Everything in the listing below should be repeated verbatim, apart from the pictures.
### DATASET
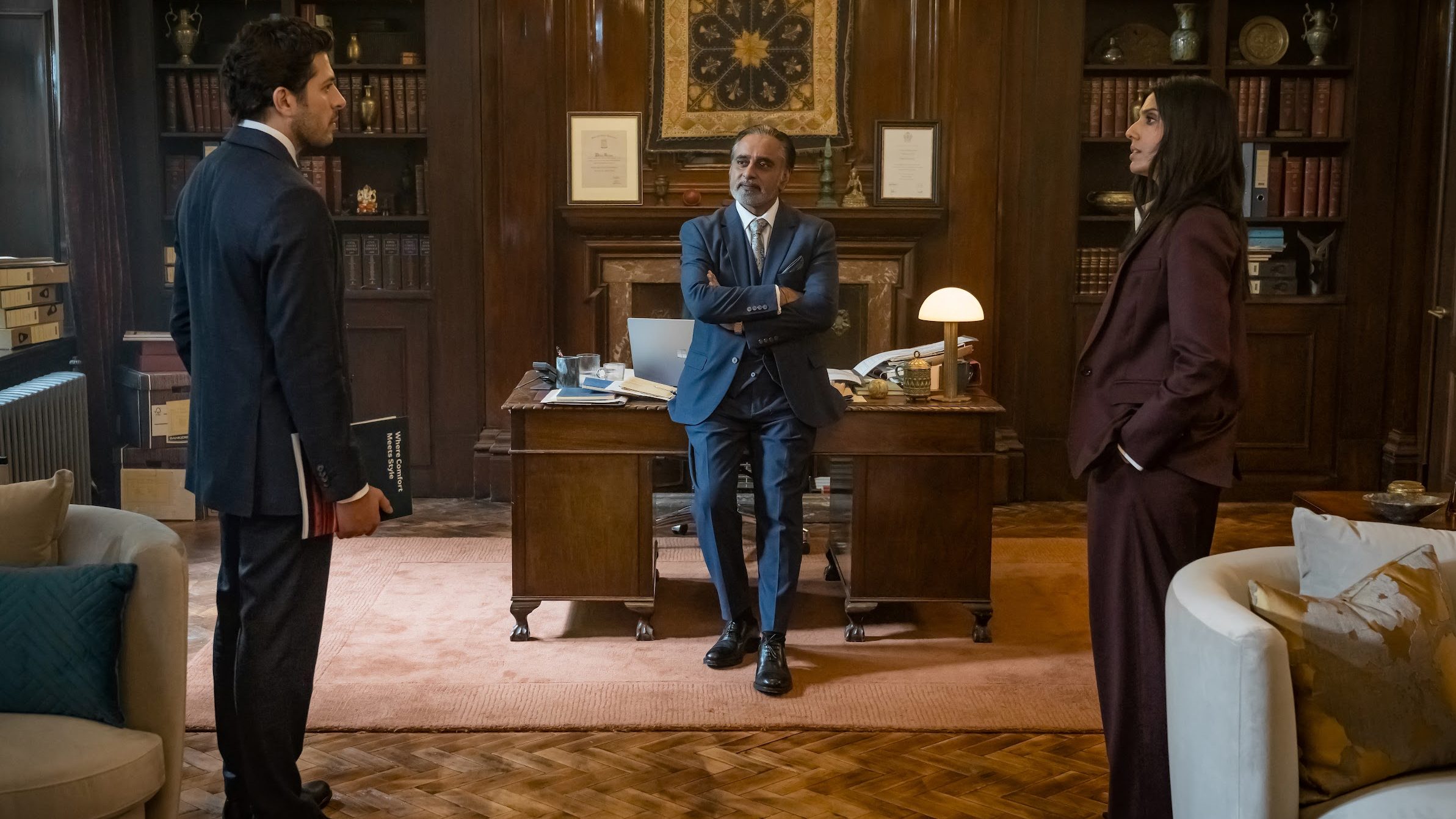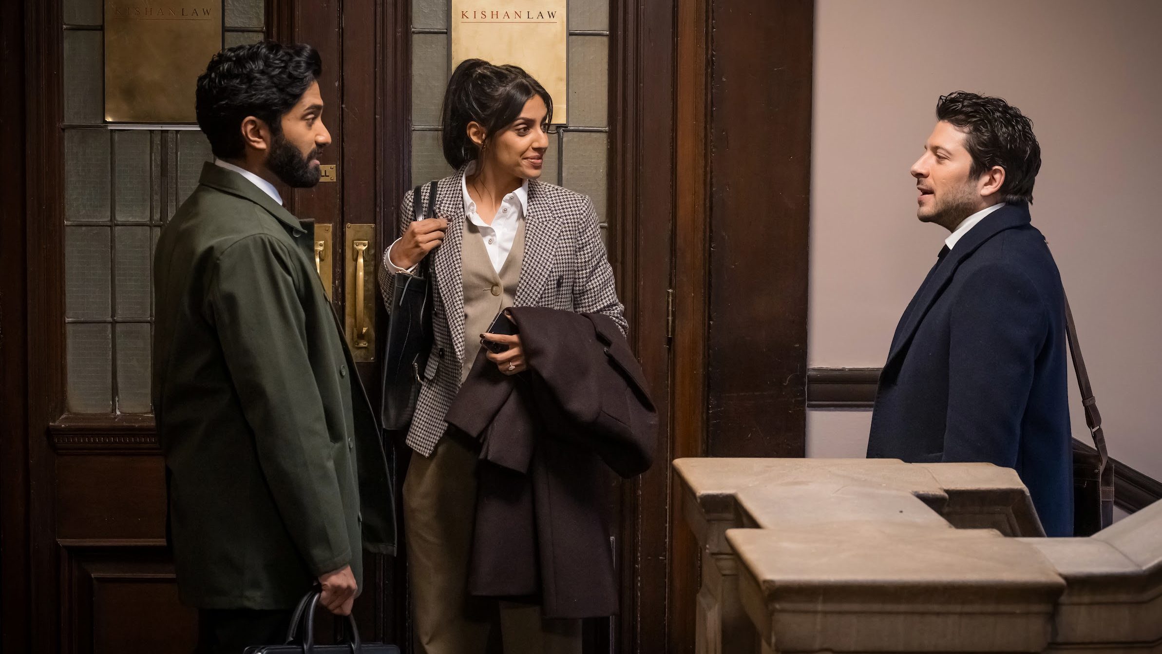 The first-look pictures revealed on Thursday provides a first glimpse at “the Kishan Law family, a powerhouse British-South Asian family firm, and the go-to for the city’s elite,” according to the BBC. “At its center is Ritu Arya as Aria Kishan, a fast-rising star of Kishan Law, poised to step up and take the mantle from her father Dhruv (Bhaskar) and Aria’s siblings Maya (Kala), Kav (Nik), and partner Neal (Ashok).”
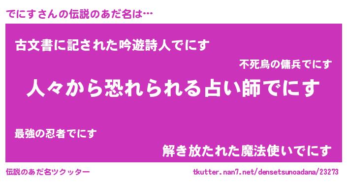 | ヒーロー風カッコイイあだ名 | 『正義の使者でにす』『ネオデニス』 |
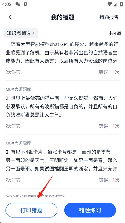 打开MBA大师,点击题库-我的错题;
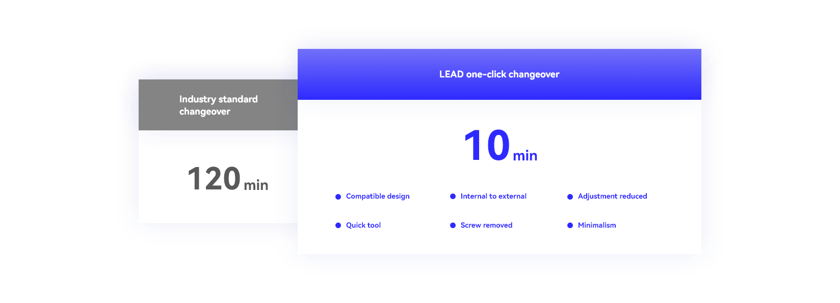 To meet the requirements of the market for prismatic cell assembly lines to have reduced changeover time, lower equipment operating costs, and higher levels of intelligence, LEAD’s prismatic cell assembly line solution has been continuously upgrading. It enables one-click changeover in 10 minutes and incorporates multiple innovative technologies to achieve energy saving and emission reduction. LEAD’s solution will significantly reduce the operating costs for customers and we strive to achieve a fully automated factory.
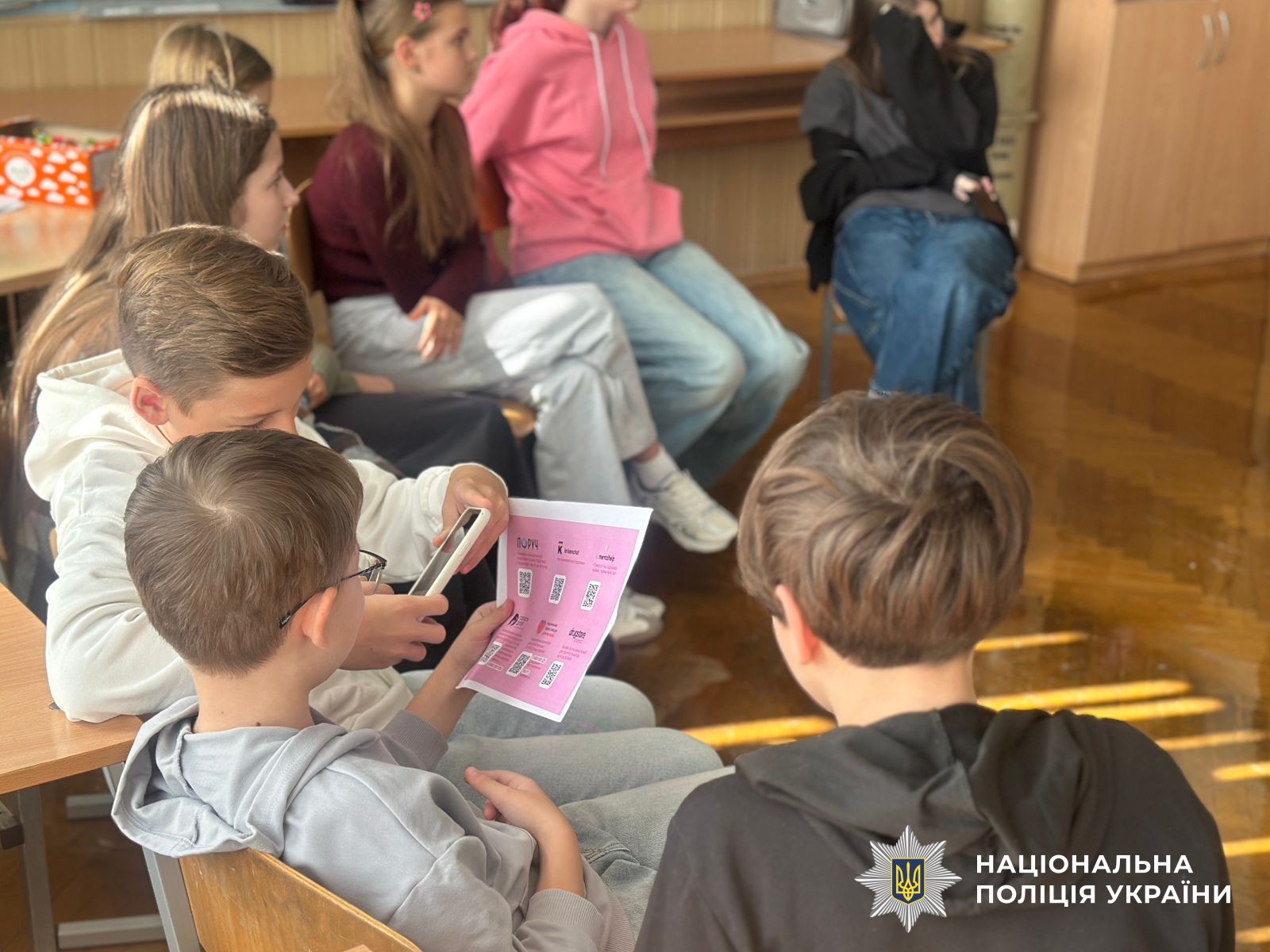 Окрему увагу інспектори приділили темі безпеки в інтернеті. Правоохоронці застерегли підлітків від спілкування з незнайомцями у соцмережах і закликали не брати участі у небезпечних челенджах, що можуть призвести до травм чи навіть загибелі. Школярам пояснили, як розпізнати маніпуляції онлайн та не піддаватися тиску.
######
**SOLUTION FOR THIS EXERCISE:**
 The first-look pictures revealed on Thursday provides a first glimpse at “the Kishan Law family, a powerhouse British-South Asian family firm, and the go-to for the city’s elite,” according to the BBC. “At its center is Ritu Arya as Aria Kishan, a fast-rising star of Kishan Law, poised to step up and take the mantle from her father Dhruv (Bhaskar) and Aria’s siblings Maya (Kala), Kav (Nik), and partner Neal (Ashok).”
 | ヒーロー風カッコイイあだ名 | 『正義の使者でにす』『ネオデニス』 |
 打开MBA大师,点击题库-我的错题;
 To meet the requirements of the market for prismatic cell assembly lines to have reduced changeover time, lower equipment operating costs, and higher levels of intelligence, LEAD’s prismatic cell assembly line solution has been continuously upgrading. It enables one-click changeover in 10 minutes and incorporates multiple innovative technologies to achieve energy saving and emission reduction. LEAD’s solution will significantly reduce the operating costs for customers and we strive to achieve a fully automated factory.
 Окрему увагу інспектори приділили темі безпеки в інтернеті. Правоохоронці застерегли підлітків від спілкування з незнайомцями у соцмережах і закликали не брати участі у небезпечних челенджах, що можуть призвести до травм чи навіть загибелі. Школярам пояснили, як розпізнати маніпуляції онлайн та не піддаватися тиску.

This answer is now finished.